Terlepas dari itu, ada satu poin penting yang perlu dicatat bahwa yang menjadi tolak ukur apakah suatu lafaz itu kulliy atau juziyy bukan ada atau tidak adanya individu dari lafaz tersebut di alam nyata. Dengan kata lain, yang menentukan suatu lafaz itu kulliy atau juziyy bukan wujud nyata individunya, melainkan tashawwur atau bayangan kita atas lafaz tersebut.

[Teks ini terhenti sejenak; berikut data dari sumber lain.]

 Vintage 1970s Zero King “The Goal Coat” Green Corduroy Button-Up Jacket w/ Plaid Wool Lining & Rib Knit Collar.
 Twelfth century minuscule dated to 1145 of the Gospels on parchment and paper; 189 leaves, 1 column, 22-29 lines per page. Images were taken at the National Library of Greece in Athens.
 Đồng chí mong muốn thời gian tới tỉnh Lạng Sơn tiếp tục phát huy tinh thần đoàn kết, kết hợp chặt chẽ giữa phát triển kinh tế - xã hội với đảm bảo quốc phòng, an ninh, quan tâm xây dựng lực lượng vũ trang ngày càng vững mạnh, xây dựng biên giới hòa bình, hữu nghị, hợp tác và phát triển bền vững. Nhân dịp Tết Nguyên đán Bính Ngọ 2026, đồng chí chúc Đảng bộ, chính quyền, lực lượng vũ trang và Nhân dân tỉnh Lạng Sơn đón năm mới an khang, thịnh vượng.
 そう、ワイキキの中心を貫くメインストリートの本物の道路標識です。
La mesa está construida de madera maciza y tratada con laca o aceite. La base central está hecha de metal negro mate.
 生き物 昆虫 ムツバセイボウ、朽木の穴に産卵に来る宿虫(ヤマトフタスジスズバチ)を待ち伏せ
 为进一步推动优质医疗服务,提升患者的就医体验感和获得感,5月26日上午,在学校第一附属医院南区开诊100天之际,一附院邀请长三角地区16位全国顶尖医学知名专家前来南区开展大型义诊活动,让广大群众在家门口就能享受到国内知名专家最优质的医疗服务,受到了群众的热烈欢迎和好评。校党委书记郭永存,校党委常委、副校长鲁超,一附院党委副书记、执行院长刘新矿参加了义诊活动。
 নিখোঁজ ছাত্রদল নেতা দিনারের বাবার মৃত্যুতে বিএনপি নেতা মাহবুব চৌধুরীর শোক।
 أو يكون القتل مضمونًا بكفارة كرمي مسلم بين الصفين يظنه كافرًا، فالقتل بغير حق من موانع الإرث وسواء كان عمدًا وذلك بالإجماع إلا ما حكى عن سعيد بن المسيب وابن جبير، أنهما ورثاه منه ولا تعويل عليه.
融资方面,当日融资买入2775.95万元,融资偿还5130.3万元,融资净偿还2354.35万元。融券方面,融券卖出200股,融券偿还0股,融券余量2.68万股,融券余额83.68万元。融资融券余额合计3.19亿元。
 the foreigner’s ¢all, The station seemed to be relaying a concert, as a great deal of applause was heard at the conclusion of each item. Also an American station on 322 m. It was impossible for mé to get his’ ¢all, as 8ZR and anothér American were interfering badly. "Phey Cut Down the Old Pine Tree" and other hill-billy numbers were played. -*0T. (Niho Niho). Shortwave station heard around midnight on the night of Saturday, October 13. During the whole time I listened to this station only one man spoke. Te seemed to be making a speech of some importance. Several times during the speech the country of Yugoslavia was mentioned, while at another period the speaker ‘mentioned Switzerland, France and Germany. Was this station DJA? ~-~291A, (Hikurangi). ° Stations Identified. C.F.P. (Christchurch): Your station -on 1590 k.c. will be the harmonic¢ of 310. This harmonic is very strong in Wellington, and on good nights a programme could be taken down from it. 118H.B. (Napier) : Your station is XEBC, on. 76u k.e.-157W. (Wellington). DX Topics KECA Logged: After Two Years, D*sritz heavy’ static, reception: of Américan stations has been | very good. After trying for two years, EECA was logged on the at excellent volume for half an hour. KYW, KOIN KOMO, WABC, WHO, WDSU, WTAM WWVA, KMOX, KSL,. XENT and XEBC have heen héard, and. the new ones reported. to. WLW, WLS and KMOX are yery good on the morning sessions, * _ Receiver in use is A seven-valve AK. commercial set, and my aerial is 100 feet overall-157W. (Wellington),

Karena itu, bisa saja suatu lafaz itu dikatakan kulliy, tapi di alam nyata tidak ada individunya sama sekali. Mengapa? Karena yang menjadi tolak ukur, sekali lagi, adalah imajinasi (tashawwur), bukan wujud nyata individunya di alam inderawi.

Selama imajinasi kita bisa membayangkan adanya persekutuan dan keberbilangan, maka lafaz tersebut bisa dikatakan sebagai lafaz yang kulliy. Selama suatu kata itu hanya berlaku bagi satu individu tertentu—sekalipun individu tersebut tidak ada di dalam nyata—maka ia masuk dalam kategori juziyy.

Berangkat dari ketentuan itulah para ahli mantik membagi lafaz kulliy ini kedalam beberapa bagian. Uraian mengenai hal ini, insya Allah, akan diulas pada tulisan mendatang.

Kesimpulannya sekarang, kulliy adalah lafaz yang bersifat umum, sedangkan juziyy adalah lafaz yang bersifat khusus. Kulliy adalah lafaz universal, sedangkan juziyy adalah lafaz parsial. Kulliy berlaku bagi banyak individu, sedangkan juziyy hanya berlaku bagi individu tertentu.